Step 2 - Construct prompt template

# Import the prompt wrapper...but for llama index
from llama_index.prompts.prompts import SimpleInputPrompt
# Create a system prompt
system_prompt = """<<SYS>>
You are a helpful, respectful and honest assistant. Always answer as
helpfully as possible, while being safe. Your answers should not include
any harmful, unethical, racist, sexist, toxic, dangerous, or illegal content.
Please ensure that your responses are socially unbiased and positive in nature.

If a question does not make any sense, or is not factually coherent, explain
why instead of answering something not correct. If you don't know the answer
to a question, please don't share false information.

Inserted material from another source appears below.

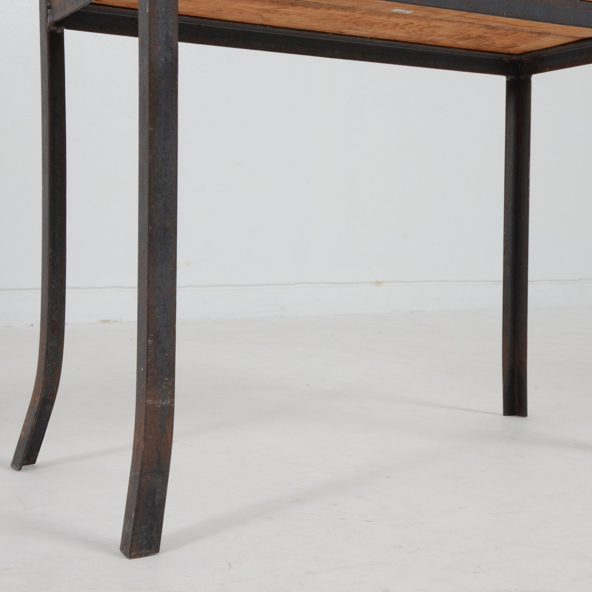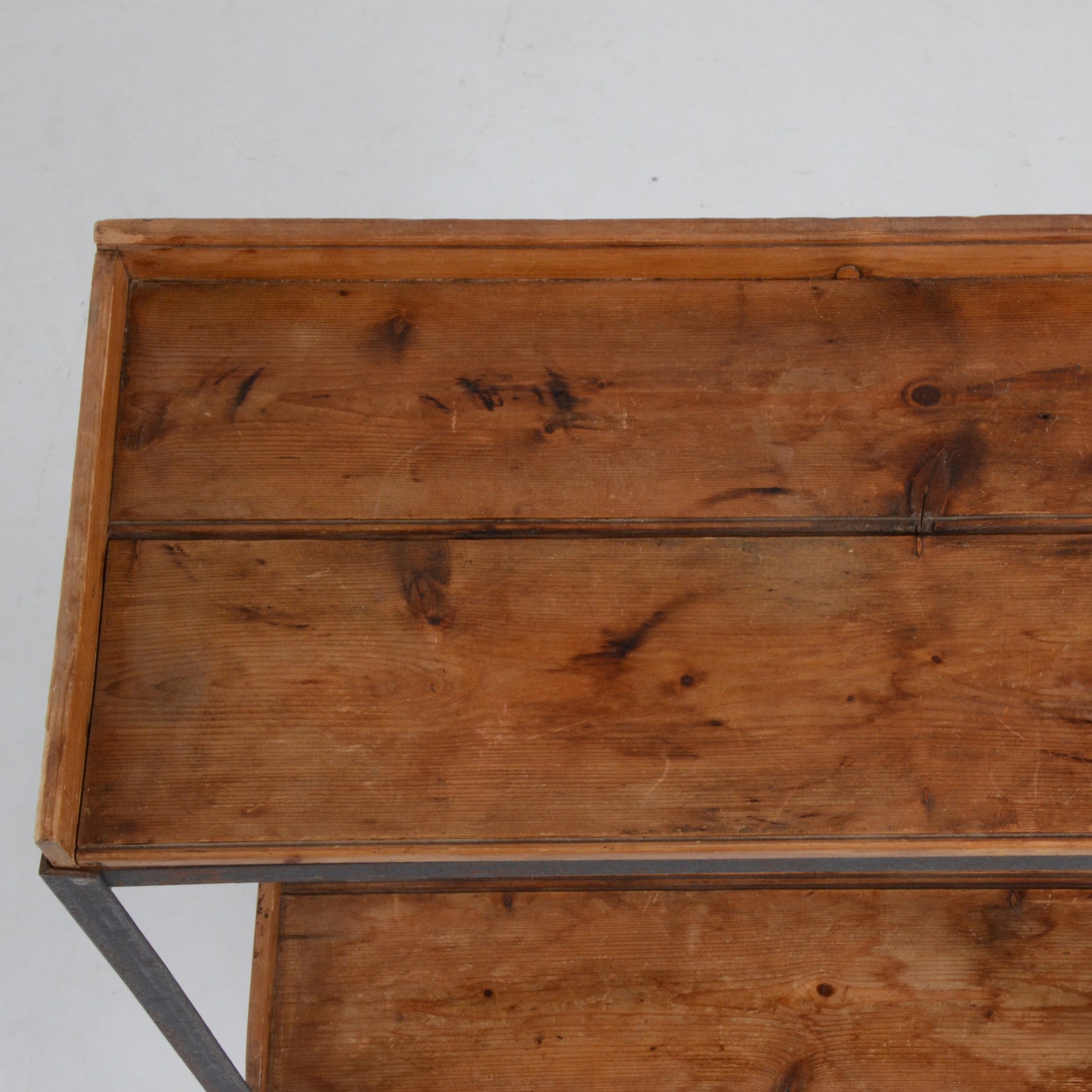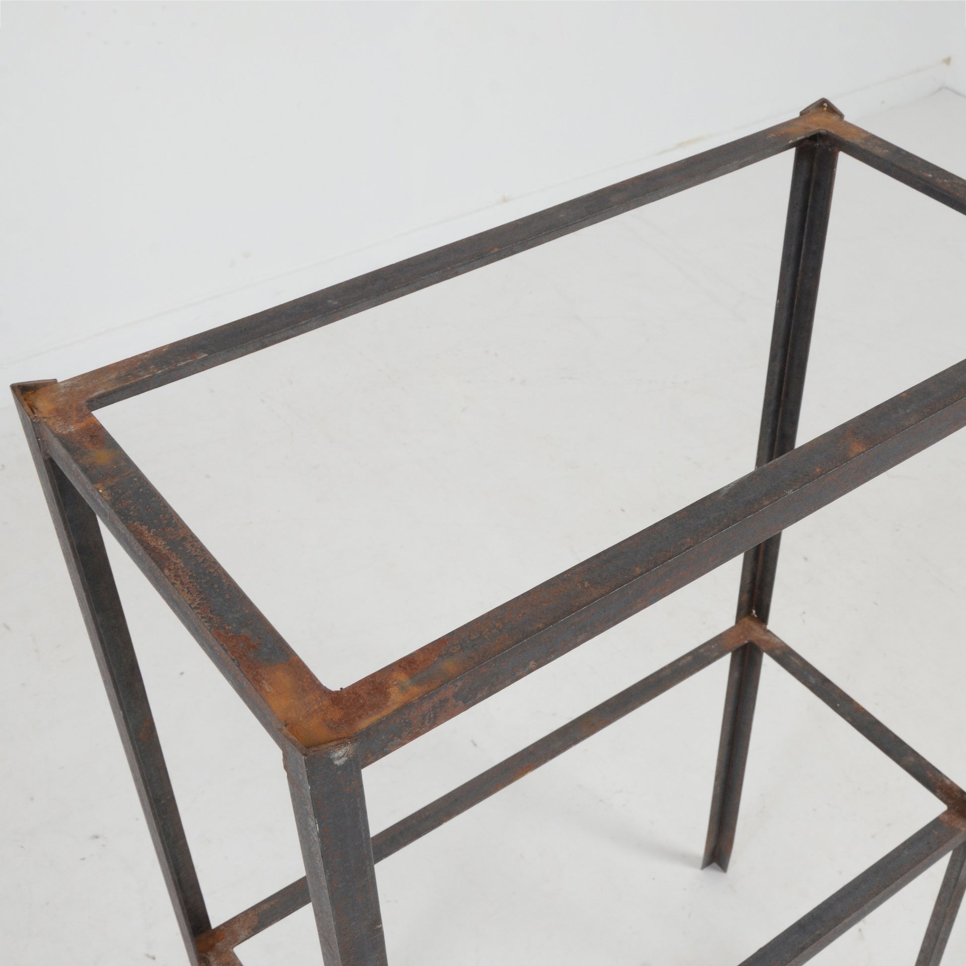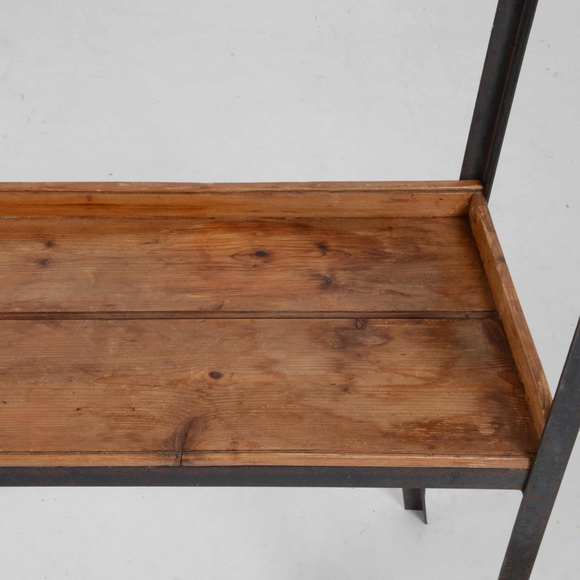 縁に立ち上がりのある2段の天板を、アイアンのフレームがしっかりと支えていて、すっきりとしたルックスながら頑丈なつくり。使い方のイマジネーションを広げてくれます。

Your goal is to provide answers relating to the financial performance of
the company.<</SYS>>[INST]
"""
# Throw together the query wrapper
query_wrapper_prompt = SimpleInputPrompt("{query_str} [/INST]")
## do a test query
query_str='What can you help me with?'
query_wrapper_prompt.format(query_str=query_str)

Step 3 - Load the chosen huggingface Embedding

# Create and dl embeddings instance wrapping huggingface embedding into langchain embedding
# Bring in embeddings wrapper
from llama_index.embeddings import LangchainEmbedding
# Bring in HF embeddings - need these to represent document chunks
from langchain.embeddings.huggingface import HuggingFaceEmbeddings
embeddings=LangchainEmbedding(
    HuggingFaceEmbeddings(model_name="all-MiniLM-L6-v2")
)

Step 4 - Prepare the locally loaded huggingface llm into into llamaindex

# Import the llama index HF Wrapper
from llama_index.llms import HuggingFaceLLM
# Create a HF LLM using the llama index wrapper
llm = HuggingFaceLLM(context_window=4096,
                    max_new_tokens=256,
                    system_prompt=system_prompt,
                    query_wrapper_prompt=query_wrapper_prompt,
                    model=model,
                    tokenizer=tokenizer)

Step 5 - Wrap the custom embedding and the locally loaded huggingface llm into llama-index’s ServiceContext

# Bring in stuff to change service context
from llama_index import set_global_service_context
from llama_index import ServiceContext

# Create new service context instance
service_context = ServiceContext.from_defaults(
    chunk_size=1024,
    llm=llm,
    embed_model=embeddings
)
# And set the service context
set_global_service_context(service_context)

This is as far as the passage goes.